What do Hooter Girls want for Christmas?


----------



## Antarctican (Dec 22, 2008)

Ummm, a really big .... _parcel_ from Santa?

Fun pics. I'll bet Santa would much rather have the Hooters girls sit on his lap than some crying, wet-diapered 3 year old.

[It's odd to see the sunshine and palm trees in the background of the first shot, when it's so cold and snowy here.]


----------



## Battou (Dec 22, 2008)

Santas wife used to be a hooters girl dontchya know.


Nice shots.


----------



## Chiller (Dec 22, 2008)

Im thinkin, I wanna be Santa,...but only at Hooters.   The first girl is my...oops..pic is my fave.


----------



## Antarctican (Dec 22, 2008)

Okay, Santa, the Hooters Girls' chests, and the tooth fairy....what do they all have in common????


----------



## AlfromLA (Dec 23, 2008)

wow, the first one is hot.


----------



## third_shift|studios (Dec 23, 2008)

awesome!


----------



## lockwood81 (Dec 23, 2008)

Antarctican said:


> [It's odd to see the sunshine and palm trees in the background of the first shot, when it's so cold and snowy here.]

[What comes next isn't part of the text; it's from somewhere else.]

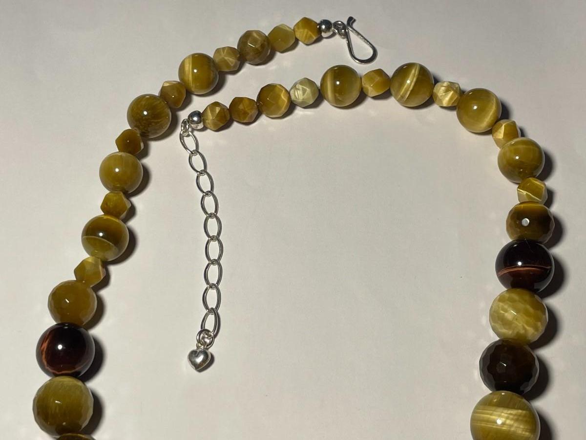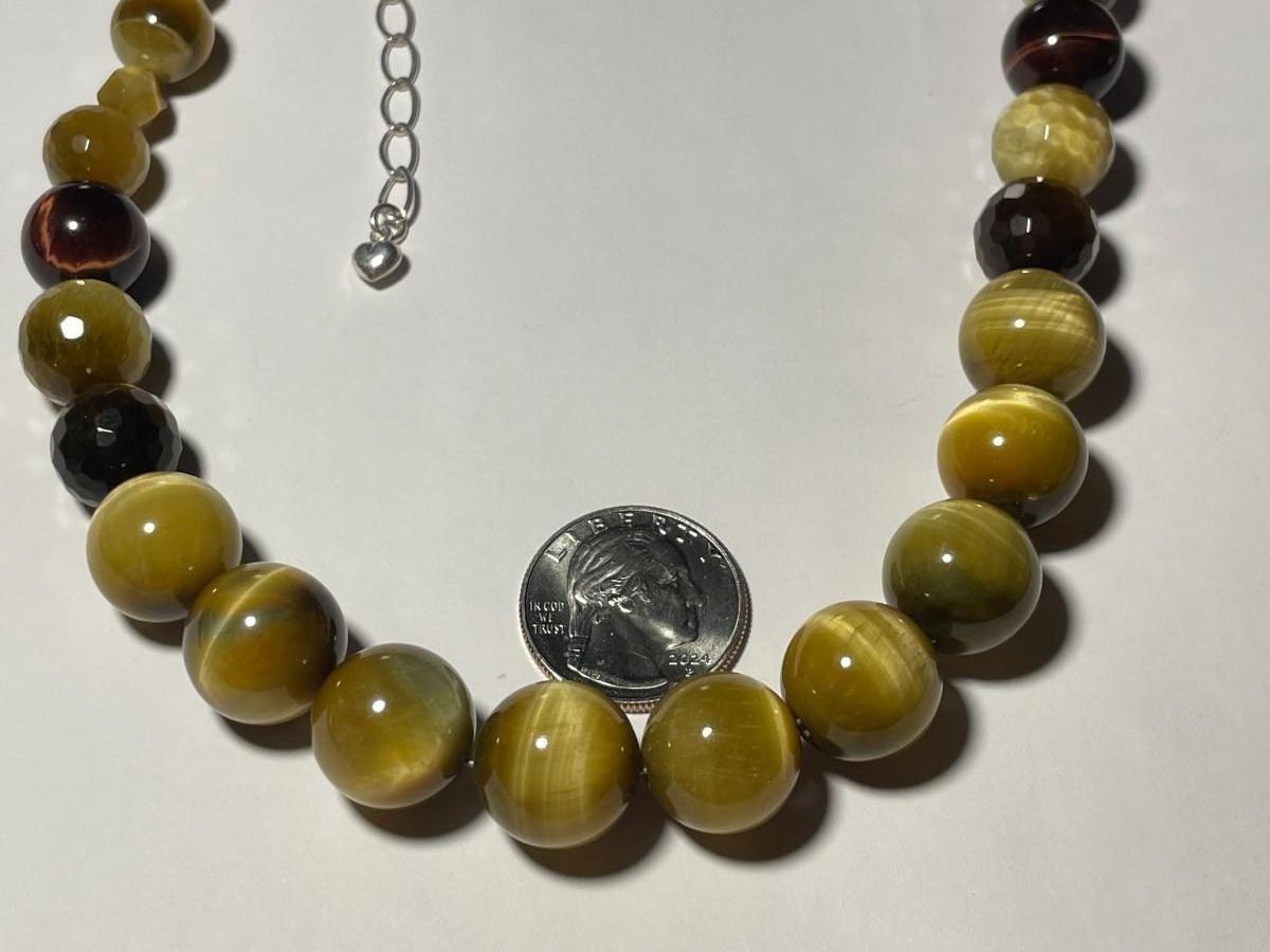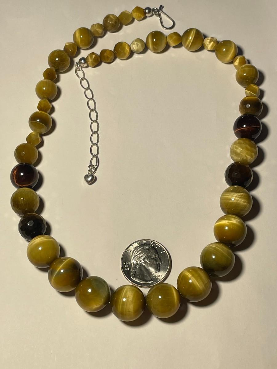 DTR/Jay King New Never Worn Tiger's Eye Large Bead Graduated Necklace 20-23" Adjustable w/Sterling Silver Clasp & Chain as Pictured.

Yep, its quite warm down here, in the 70's F today....that's around 23c

The picture was taken just last Saturday, its a friend of mine dressed as Santa, we were on our way to a friends house to give a surprise visit of Santa and thought what the heck lets see what happens if we go to Hooters on the way.  

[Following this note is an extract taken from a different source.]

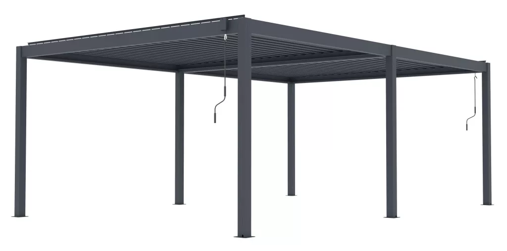 A G21 pergola praktikus kiegészítőkkel bővíthető, mint például lamellás falak és oldalsó napellenzők, amelyek növelik a kényelmet és nagyobb magánszférát biztosítanak. Ezek a kiegészítők megvédik a széltől és a szomszédok tekintetétől, valamint lehetővé teszik, hogy a pergolát pontosan az elképzelései szerint alakítsa ki.

Thanks for the comments...that first girl has some amazing eyes.


----------



## mrodgers (Dec 23, 2008)

Appears that Santa just got his Christmas presents!


----------



## SpaceNut (Jan 3, 2009)

Does Santa need an assistant? I'm available!!


----------



## rmh159 (Jan 5, 2009)

Antarctican said:


> Okay, Santa, the Hooters Girls' chests, and the tooth fairy....what do they all have in common????



Haha... oh it's still fun to believe.


----------



## zandman (Jan 6, 2009)

gotta love hooter girls,


----------



## MrsMoo (Jan 11, 2009)

Chiller said:


> Im thinkin, I wanna be Santa,...but only at Hooters.  The first girl is my...oops..pic is my fave.


 

nah, the last one is cuter!


----------